Berube weighs in
Dennis Perrin
dperrin at comcast.net
Tue Sep 17 13:42:00 PDT 2002
> The US and western allies made sure through their
> authoritarian surrogate regimes that all aspiring progressives,
> socialists, nationalists, and even vaguely positive reform movements
> were crushed---hence absurdities like the Shah or later Saddam. Now
> pump all that history back into the one marginally safe way to express
> revolt, the religious schools and Mosques, where the only acceptable
> form of revolt and expression had to be channelled through a religious
> tradition into the authoritarian militancy of an Islamic Jihad,
> etc.... Al-Qaeda obviously represents some deeply degraded form of
> that impulse.

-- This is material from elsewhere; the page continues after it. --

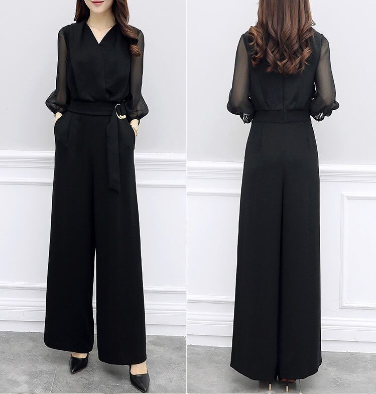 レディース オールインワン カシュクール 袖シースルー ジャンプスーツ 春 韓国

And there is the Iranian revolution to point to, that
> started in a very similar way within Mosques, schools, and religious
> social hierarchies, and used coalitions with vaguely progressive
> elements to topple the Shah...
> Chuck Grimes
I agree about Western support for anti-progressive Arab states, but let's
not leave out the old SU which backed Assad's Syria, a state soaked in
plenty of blood itself.
The mullahs may have had some connection to Iranian leftists opposed to the
Shah (and recall that some of the Western sectarian groups hailed the
Ayatollah as "revolutionary"), but don't forget that Iranian fundamentalists
worked with US and British intelligence in toppling Mossedegh and helped put
the Shah in power in the first place. And, for a time, the Shah threw more
crumbs to the mullahs than he did his secular opposition. That they
eventually turned against him and replaced him with a theocratic state may
have been a "degraded" part of their revolution, but when did their
revolution begin -- when they helped the Shah grab state power?